WORK ORDER: When writing out the entries below, keep only the lines from the line with "Blue and white" to the line with "Paire de Vases", both included, exactly as they are, and leave the pictures aside.

SOURCE MATERIAL Block Start

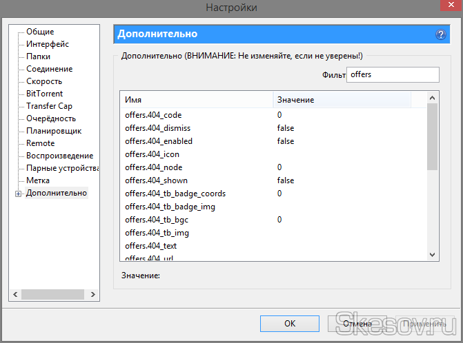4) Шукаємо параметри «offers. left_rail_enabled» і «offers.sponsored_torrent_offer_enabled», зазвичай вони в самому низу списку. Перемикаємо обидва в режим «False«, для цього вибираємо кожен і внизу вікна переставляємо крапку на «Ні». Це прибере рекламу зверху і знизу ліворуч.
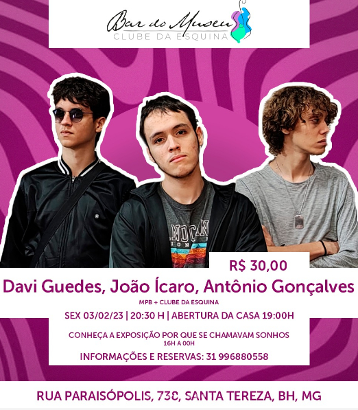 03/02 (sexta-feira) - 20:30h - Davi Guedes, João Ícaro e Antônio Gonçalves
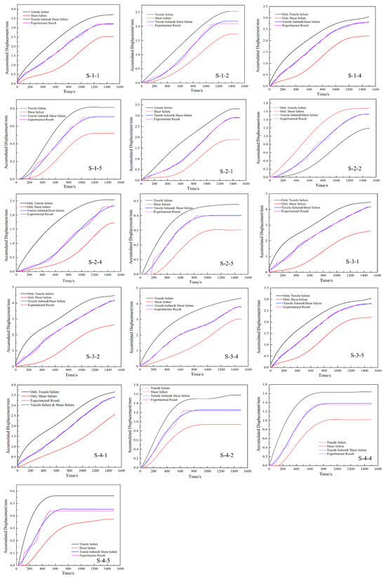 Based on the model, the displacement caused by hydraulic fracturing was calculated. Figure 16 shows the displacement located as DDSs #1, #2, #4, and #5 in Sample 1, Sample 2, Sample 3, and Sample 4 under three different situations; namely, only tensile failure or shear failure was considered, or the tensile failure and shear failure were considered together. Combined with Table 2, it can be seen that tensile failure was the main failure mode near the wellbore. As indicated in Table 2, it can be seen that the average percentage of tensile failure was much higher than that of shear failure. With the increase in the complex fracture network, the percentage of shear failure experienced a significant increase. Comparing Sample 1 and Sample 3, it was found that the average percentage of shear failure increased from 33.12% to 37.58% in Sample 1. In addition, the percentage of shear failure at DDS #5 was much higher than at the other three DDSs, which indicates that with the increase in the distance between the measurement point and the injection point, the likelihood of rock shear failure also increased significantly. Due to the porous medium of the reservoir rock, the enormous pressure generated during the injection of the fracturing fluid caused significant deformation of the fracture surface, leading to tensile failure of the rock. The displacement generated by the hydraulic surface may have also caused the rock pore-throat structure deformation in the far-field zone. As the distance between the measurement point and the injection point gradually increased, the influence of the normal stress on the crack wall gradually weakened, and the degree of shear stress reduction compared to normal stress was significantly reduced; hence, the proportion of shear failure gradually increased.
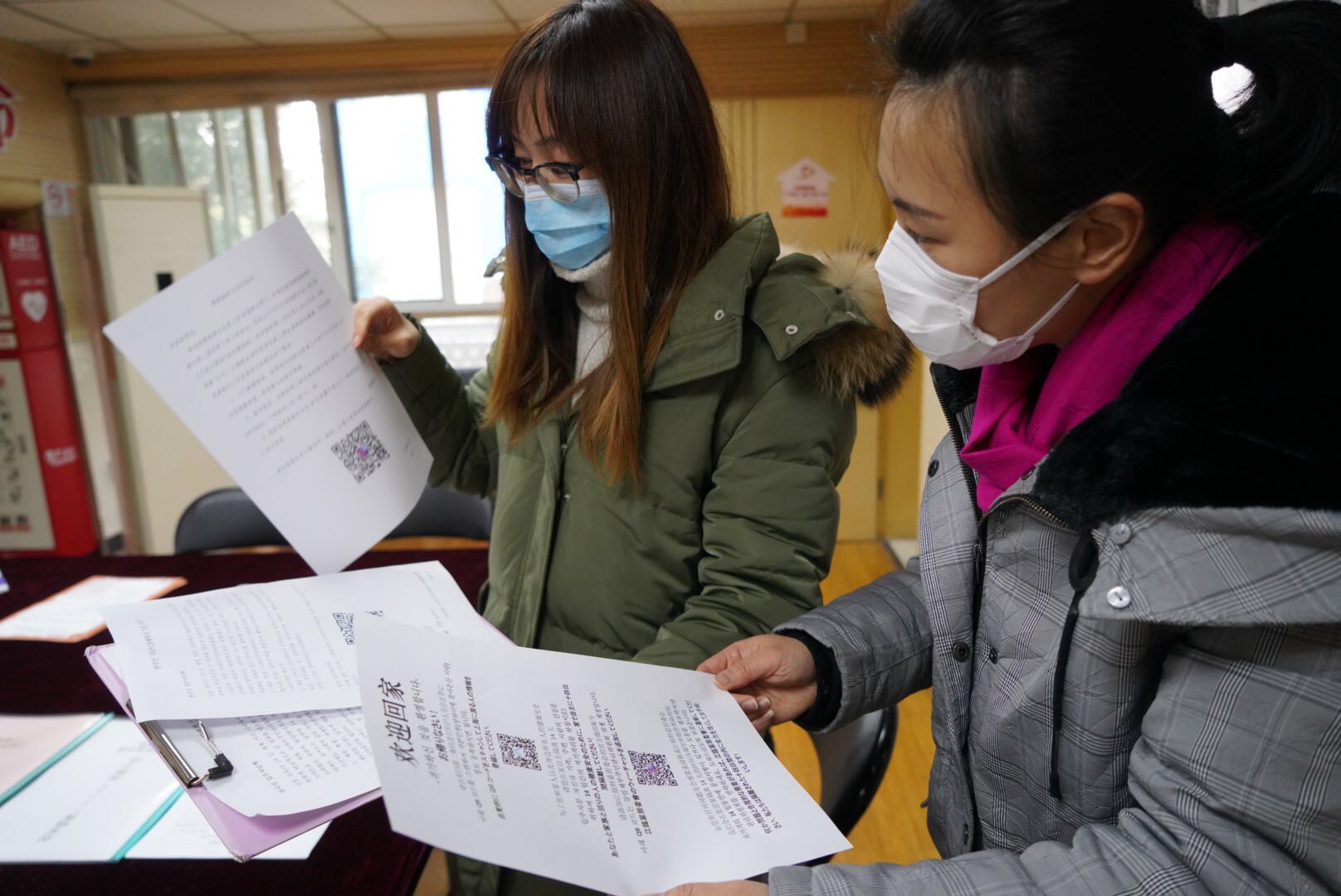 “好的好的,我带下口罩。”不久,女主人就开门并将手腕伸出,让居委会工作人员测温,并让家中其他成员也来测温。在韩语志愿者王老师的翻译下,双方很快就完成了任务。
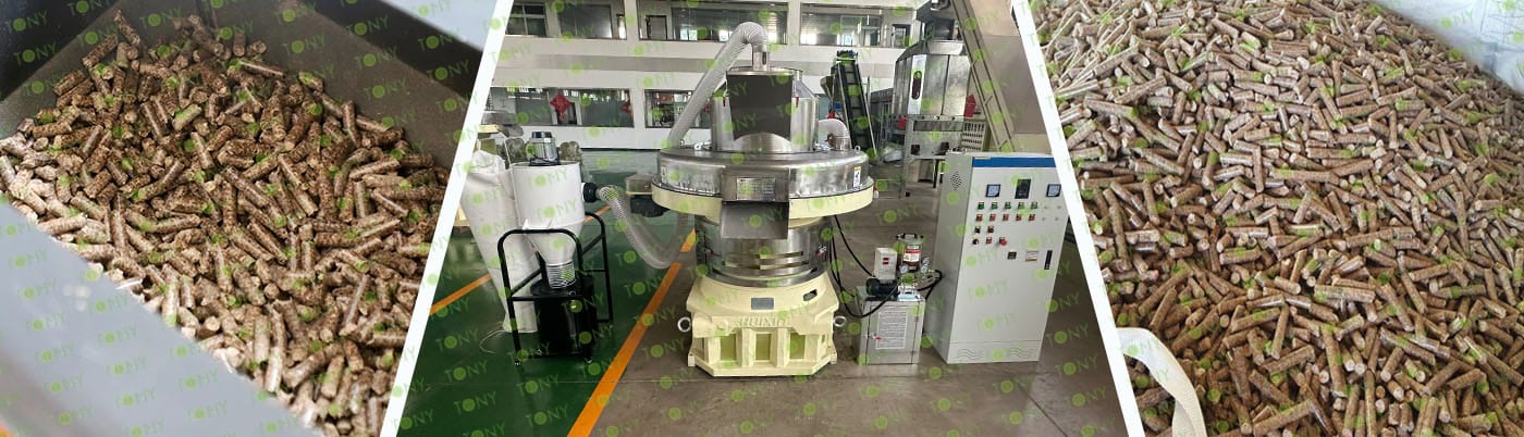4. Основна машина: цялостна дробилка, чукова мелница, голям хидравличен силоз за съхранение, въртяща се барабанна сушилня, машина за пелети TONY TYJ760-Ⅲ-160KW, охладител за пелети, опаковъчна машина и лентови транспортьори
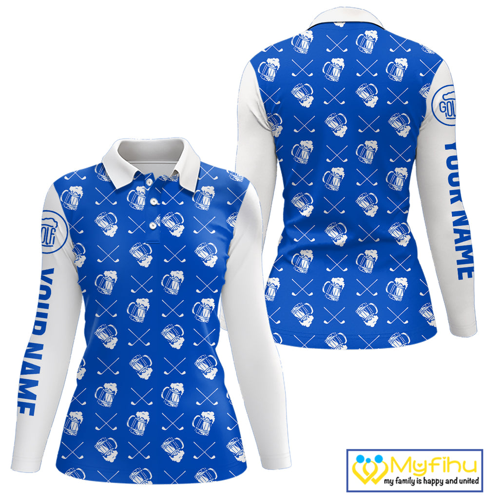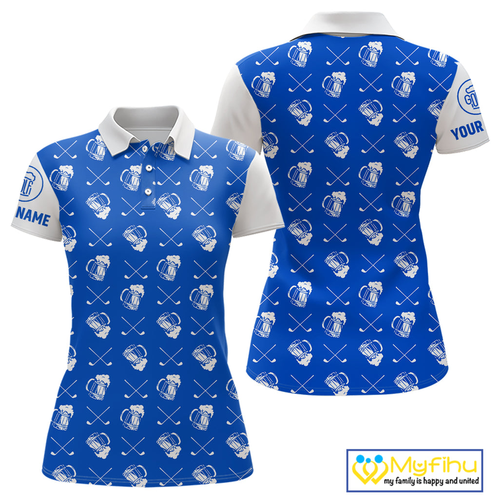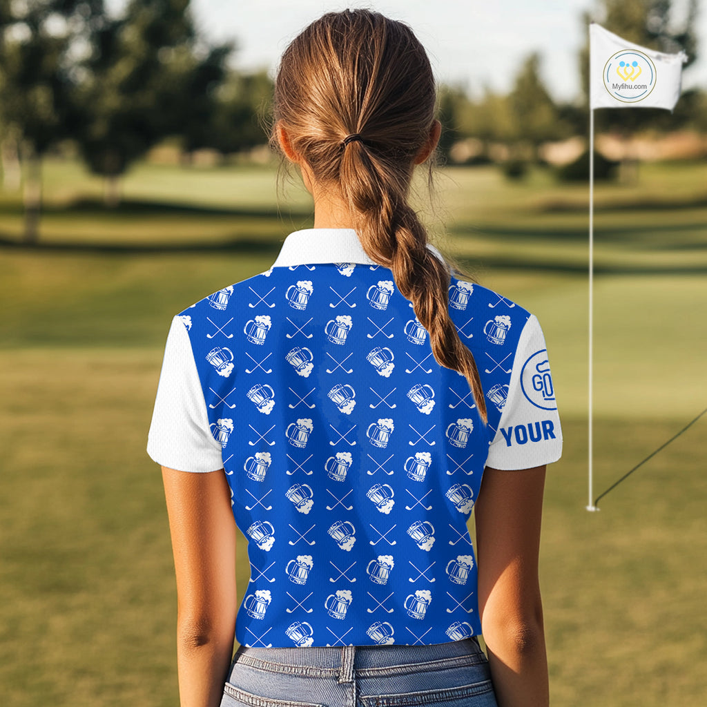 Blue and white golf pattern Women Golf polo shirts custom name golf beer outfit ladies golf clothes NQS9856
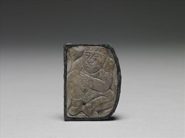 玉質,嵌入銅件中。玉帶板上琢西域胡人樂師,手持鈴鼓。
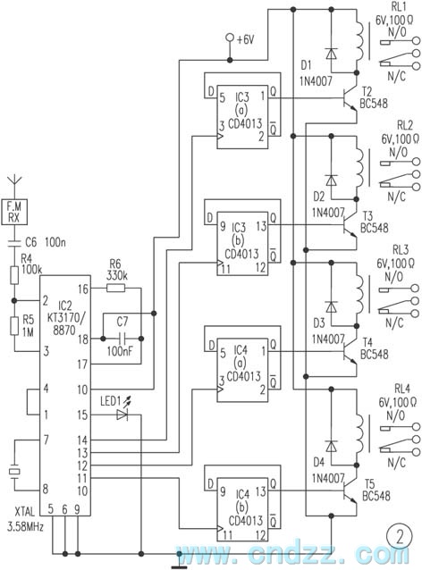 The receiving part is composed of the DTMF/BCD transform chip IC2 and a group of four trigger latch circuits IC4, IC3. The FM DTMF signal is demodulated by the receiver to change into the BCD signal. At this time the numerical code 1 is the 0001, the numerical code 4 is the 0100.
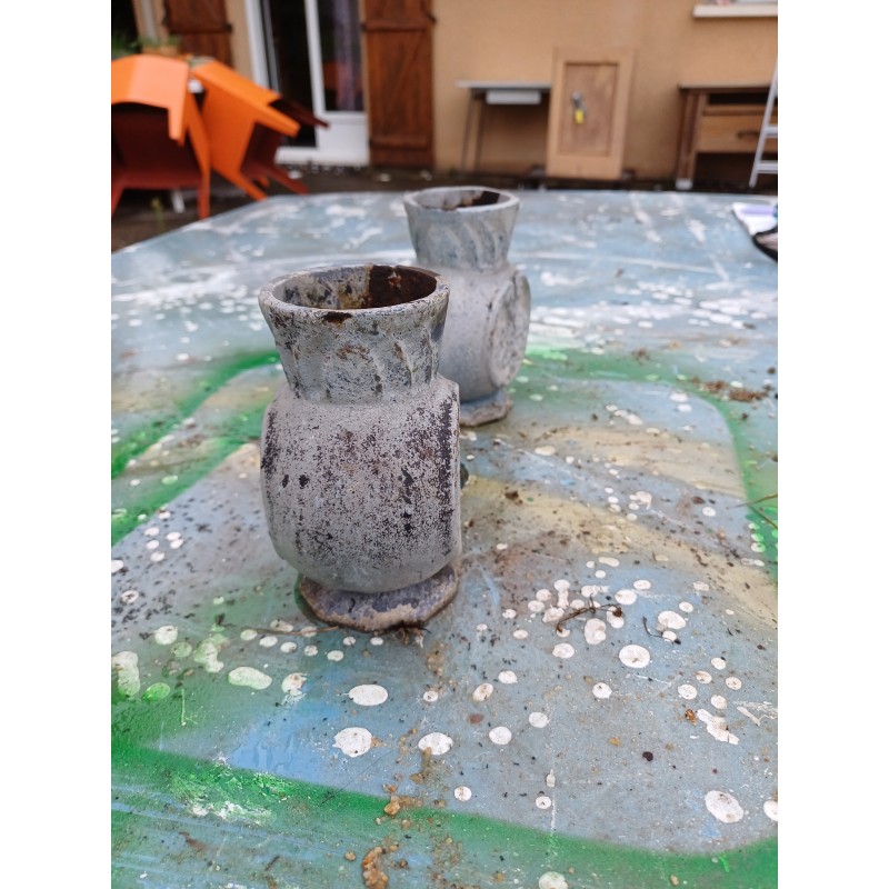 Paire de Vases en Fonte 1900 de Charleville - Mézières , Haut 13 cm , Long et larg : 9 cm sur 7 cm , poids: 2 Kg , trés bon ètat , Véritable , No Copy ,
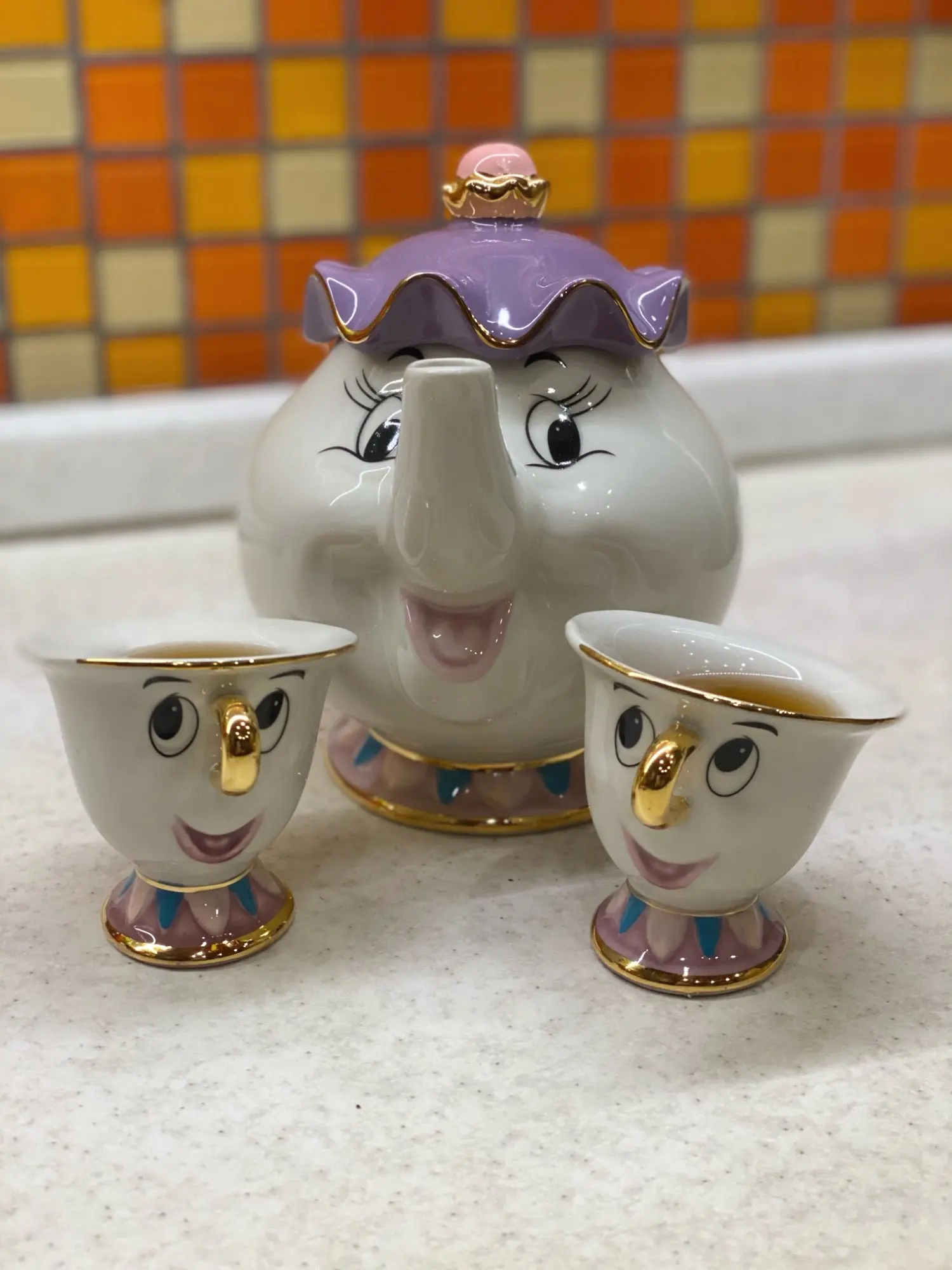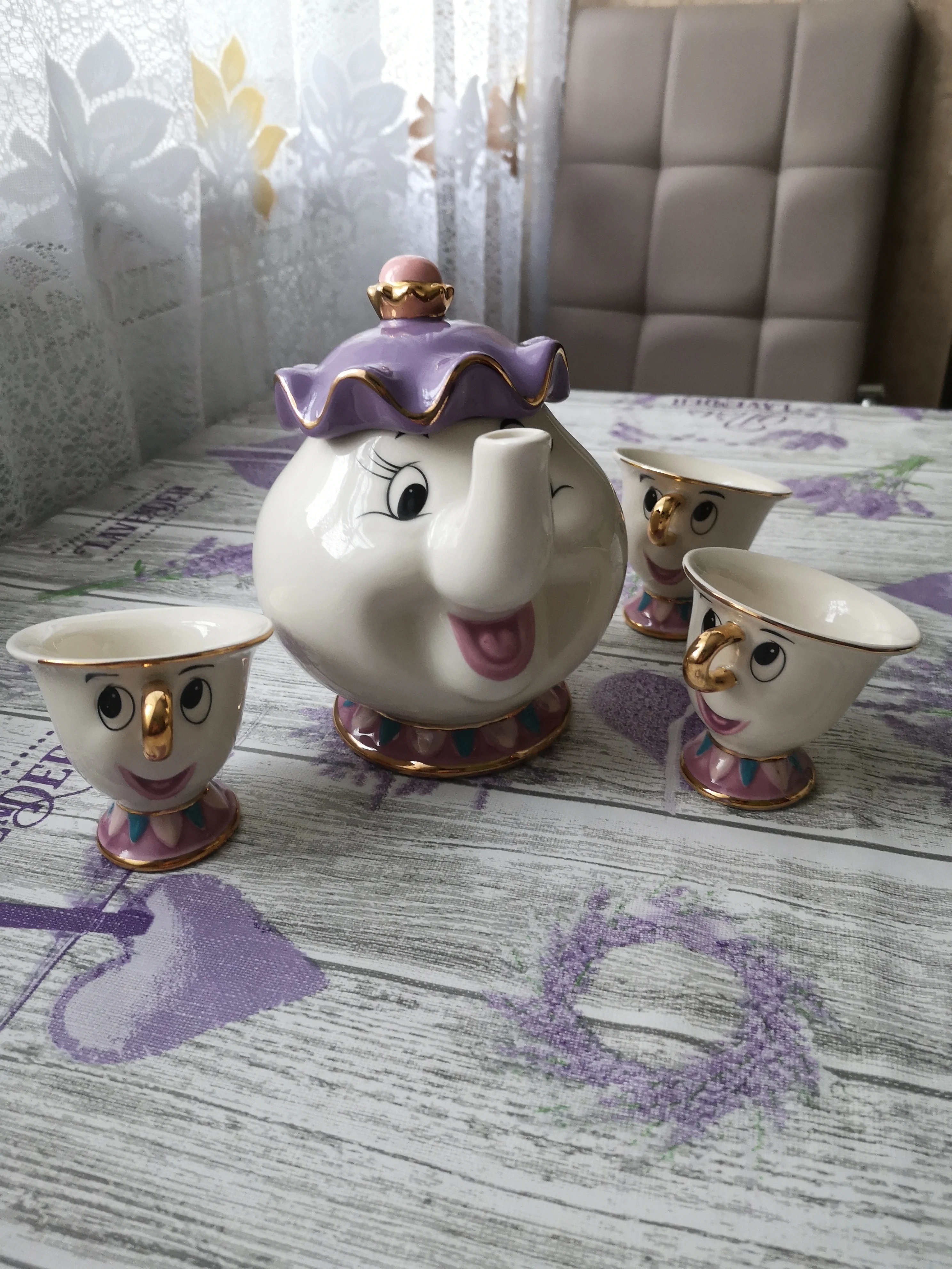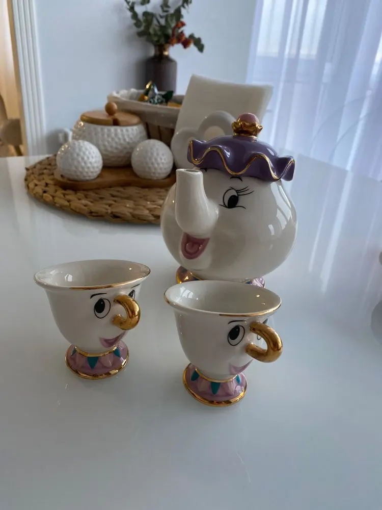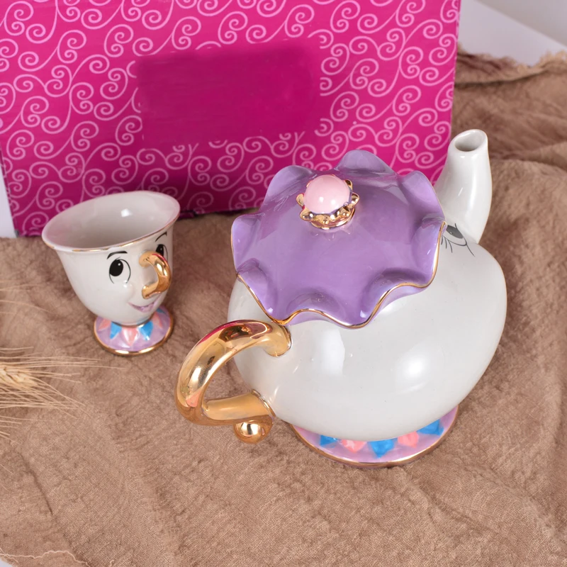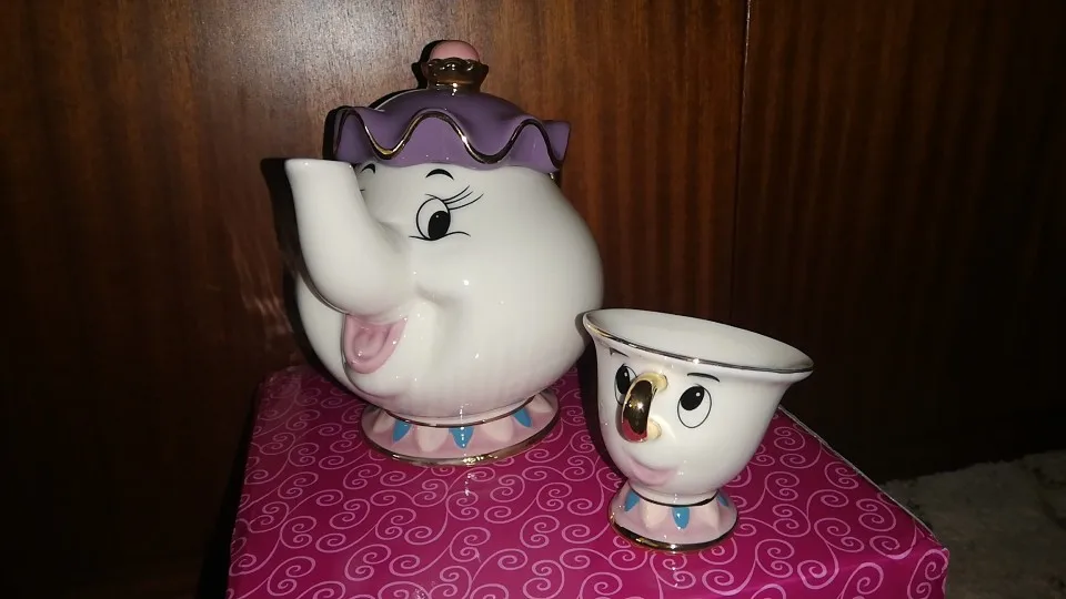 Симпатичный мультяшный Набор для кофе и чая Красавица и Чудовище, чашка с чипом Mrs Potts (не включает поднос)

SOURCE MATERIAL Block End

OUTPUT:
 Blue and white golf pattern Women Golf polo shirts custom name golf beer outfit ladies golf clothes NQS9856
 玉質,嵌入銅件中。玉帶板上琢西域胡人樂師,手持鈴鼓。
 The receiving part is composed of the DTMF/BCD transform chip IC2 and a group of four trigger latch circuits IC4, IC3. The FM DTMF signal is demodulated by the receiver to change into the BCD signal. At this time the numerical code 1 is the 0001, the numerical code 4 is the 0100.
 Paire de Vases en Fonte 1900 de Charleville - Mézières , Haut 13 cm , Long et larg : 9 cm sur 7 cm , poids: 2 Kg , trés bon ètat , Véritable , No Copy ,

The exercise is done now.